The major finding of our study is that REE was similar in autonomic failure patients compared with healthy controls of similar age and body composition. The sympathetic nervous system plays a role in energy balance through the regulation of REE, which accounts for 60% to 80% of total EE in humans. This system regulates REE mostly through stimulation of β-adrenoreceptors. During intravenous administration of the nonselective β-adrenergic antagonist propanolol, REE decreases.8 Therefore, it is unexpected that REE was preserved in autonomic failure patients who are characterized by low sympathetic activity. A possible explanation for our findings is that even patients with severe autonomic failure have some degree of residual sympathetic activity.19 Our patients had low supine plasma norepinephrine levels (179.7±58.40 pg/mL) compared with normal values reported for their age (359±30 pg/mL).20 The fact that their low plasma norepinephrine decreased with further autonomic blockade is evidence of their residual sympathetic tone. More importantly, REE decreased by 8% in autonomic failure patients during autonomic blockade, indicating that REE was tonically maintained by this residual sympathetic activity. Furthermore, it is possible that chronic sympathetic attenuation induced a compensatory β-adrenoreceptor upregulation, which could contribute to the preserved tonic sympathetic contribution to REE. This phenomenon has been documented previously in the literature in autonomic failure patients in the vascular system.2123 Similarly, a recent report by Newsom et al24 showed that reduction in sympathetic activity with 6-day treatment with transdermal clonidine administration (0.2 mg/d) produced a compensatory upregulation of β-adrenoreceptor stimulation of REE.
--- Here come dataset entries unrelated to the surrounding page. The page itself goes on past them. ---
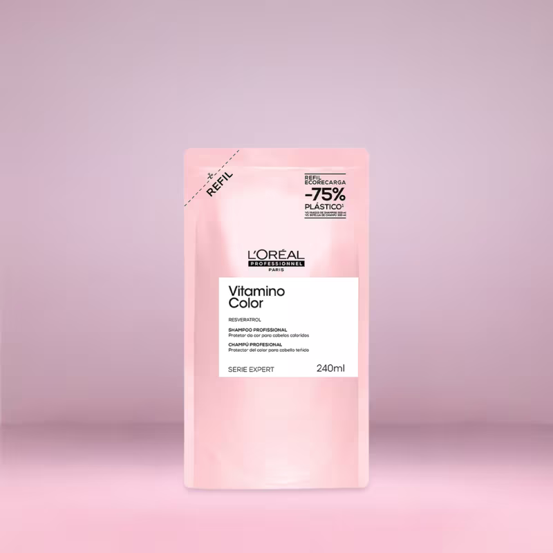 L'Oréal Professionnel Serie Expert Vitamino Color Resveratrol Refil - Shampoo 240ml: com fórmula antioxidante, evita os danos do dia a dia e o desbotamento. Enriquecido com Resveratrol, ajuda a restaurar e proteger contra os radicais livres, agentes oxidantes e os raios UV. Resulta em um cabelo com a cor vibrante e protegida por mais tempo.
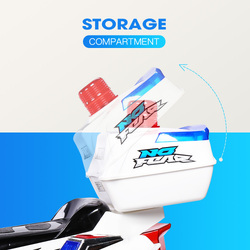 The ROVO motorcycle for kids boasts an incredible array of features including realistic engine sounds, forward and reverse motion, a horn, headlight and electronic brake!
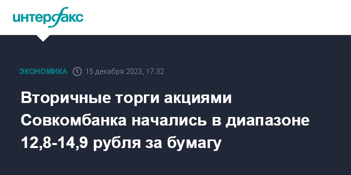 Вторичные торги акциями Совкомбанка начались в диапазоне 12,8-14,9 рубля за бумагу

It is noteworthy that acute autonomic withdrawal with trimethaphan reduces REE by approximately the same magnitude, 5% to 7%, in all of the groups that we have studied, including healthy young subjects, obese young subjects,25 and also autonomic failure patients. In obesity, the additional increase in REE is not attributed to the greater sympathetic tone seen in that condition but to an increase in FFM. In contrast, in autonomic failure, REE is likely maintained by residual sympathetic tone acting on a compensatory upregulation of β-adrenoreceptor responses, as discussed previously.
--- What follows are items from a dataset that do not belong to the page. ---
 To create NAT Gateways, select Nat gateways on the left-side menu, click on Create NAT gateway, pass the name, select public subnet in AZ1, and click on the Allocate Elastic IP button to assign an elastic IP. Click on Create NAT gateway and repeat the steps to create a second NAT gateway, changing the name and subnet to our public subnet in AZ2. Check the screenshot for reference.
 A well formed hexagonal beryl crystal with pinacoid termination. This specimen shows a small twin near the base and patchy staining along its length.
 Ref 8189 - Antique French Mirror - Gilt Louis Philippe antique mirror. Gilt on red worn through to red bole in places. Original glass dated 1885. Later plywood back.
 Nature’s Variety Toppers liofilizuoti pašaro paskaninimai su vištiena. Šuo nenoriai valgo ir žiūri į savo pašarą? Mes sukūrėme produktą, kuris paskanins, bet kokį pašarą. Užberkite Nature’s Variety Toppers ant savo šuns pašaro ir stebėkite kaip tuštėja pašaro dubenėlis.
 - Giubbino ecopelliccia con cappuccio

To our knowledge, this is the first study to examine REE in autonomic failure. Patients with spinal cord injury, particularly those who have lesions in higher levels (T6 and above) would be a possible group for comparison, because their plasma catecholamine concentration are significantly reduced.26 Similar to our studies, the REE differences disappeared when adjusted by FFM. In addition, there were no significant REE differences between patients with upper (T6 and above) and lower (T7 and below) spinal cord injury, suggesting that the observed decrease in catecholamine levels did not affect REE.27

In this study, we also found that patients with autonomic failure have decreased fat oxidation. Sympathetic tone is involved in the regulation of lipolysis28; therefore, it is possible that residual sympathetic tone was still modulating REE regulation but not lipolysis. However a more plausible explanation of decreased fat oxidation was the low habitual physical activity level observed in patients with autonomic failure. It is well established that increased physical activity and, in particular, anaerobic exercise increase fat oxidation29 compare with inactive sedentary behavior.30 Our observation that fat oxidation was similar between autonomic failure patients and healthy controls during sleep supports the notion that lowered physical activity during the day may be responsible for the decrease in daytime fat oxidation in autonomic failure patients.
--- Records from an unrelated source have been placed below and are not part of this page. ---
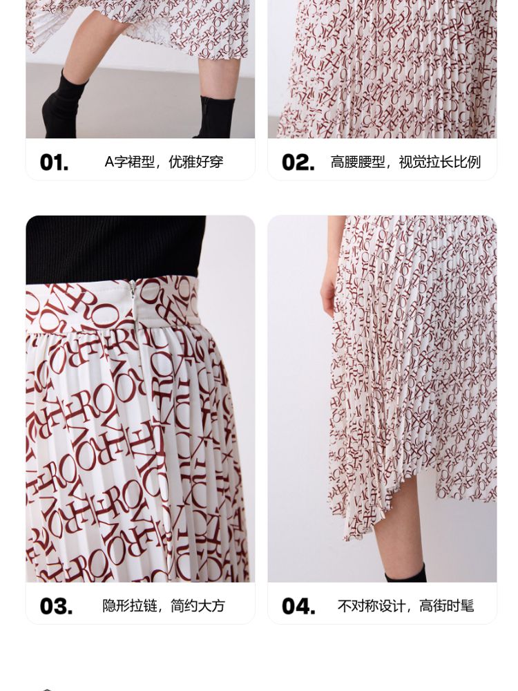 商品名称:优雅高腰不对称百褶中长裙女气质百搭时尚春夏 192081
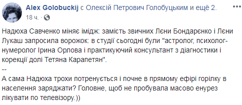 "Надюха Савченко змінює імідж: замість звичних Олени Бондаренко і Олени Лукаш запросила ворожок: в студії сьогодні були "астролог, психолог-нумеролог Ірина Орлова та практикуючий консультант з діагностики та корекції долі Тетяна Карапетян", - написав він.
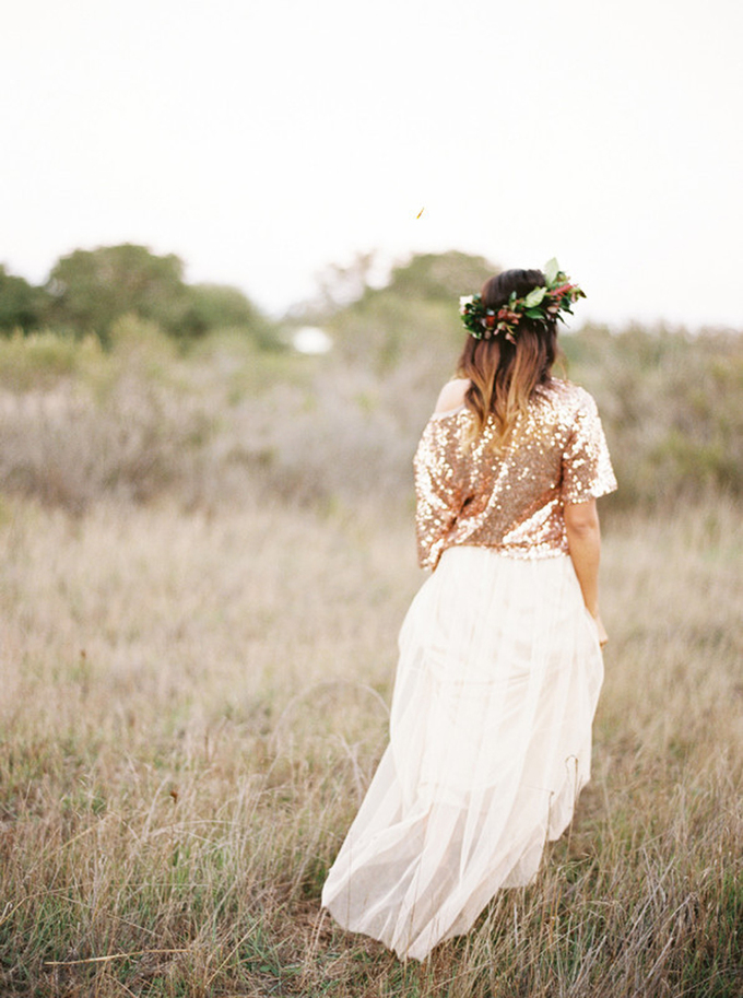 Những cô dâu cá tính có thể mặc bộ váy rời thay vì váy liền. Với độ nổi bật và thu hút của sắc vàng đồng, cô dâu sẽ trở thành tâm điểm trong tiệc cưới.
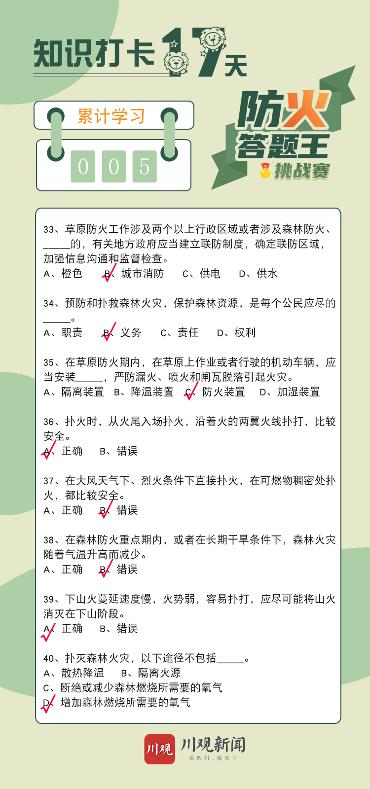 为响应小伙伴们的学习热情,川观新闻特别开设森林草原防火知识小课堂,每日派发知识卡。今日份的知识点已就位,赶紧来学习吧!
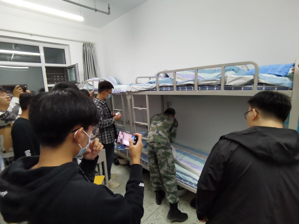 按照学校疫情防控工作要求,学院把新生寝室分成四组,在寝室楼内对全体新生寝室长开展了业务培训。由学生干部按学校内务标准对新生寝室中被子的叠法和摆放位置、床铺整理、生活用品、鞋的规范摆放、室内整体清洁程度等方面进行了详细的讲解并提出了明确的要求。
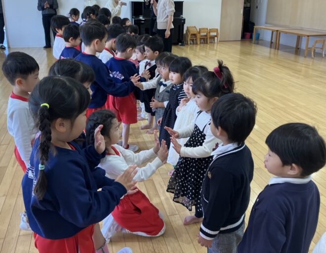 当日はいつもと異なる服装で登園したこともあり、喜びとわくわくしている姿が見られ、子どもたちらしいとても可愛い一面を見ることが出来ました!

Patients with autonomic failure have lower level of physical activity, reduced EE, and decreased rate of fat oxidation compared with healthy controls, all important risk factors for obesity. Nonetheless, empirical observations from our clinic are that obesity is very rare in patients with autonomic failure (Figure 5). Thus, our findings imply that patients with autonomic failure would have to decrease their energy intake to maintain energy balance and avoid weight gain.

Figure 5.
Figure 5.

Graphic showed cumulative percentage of body mass index (BMI) in 129 patients with severe autonomic failure referred to the Autonomic Dysfunction Center at Vanderbilt University. Ninety percent of the patients had a BMI <30 kg/m2.

In this context, the parasympathetic nervous system that regulates feeding behavior by transmitting satiety or hunger signals to the brain may play a role. These signals travel to the brain via vagal afferents transmitting their stimuli to the nucleus of the solitary tract and from there to efferent in different centers involved in appetite control, including the hypothalamus. There are multiple peptides and hormones that exert their feeding behavior actions through this pathway; among them are peptide YY,31,32 cholecystokinin,33 glucagon-like peptide 1, and ghrelin.34 Whether these molecules are increased or decreased in autonomic failure patients in response to food intake requires further investigation. Insight into the mechanisms responsible for this putative decrease in food intake will be of importance not only to our understanding of the pathophysiology of this disorder, but may be relevant to general mechanisms of appetite control.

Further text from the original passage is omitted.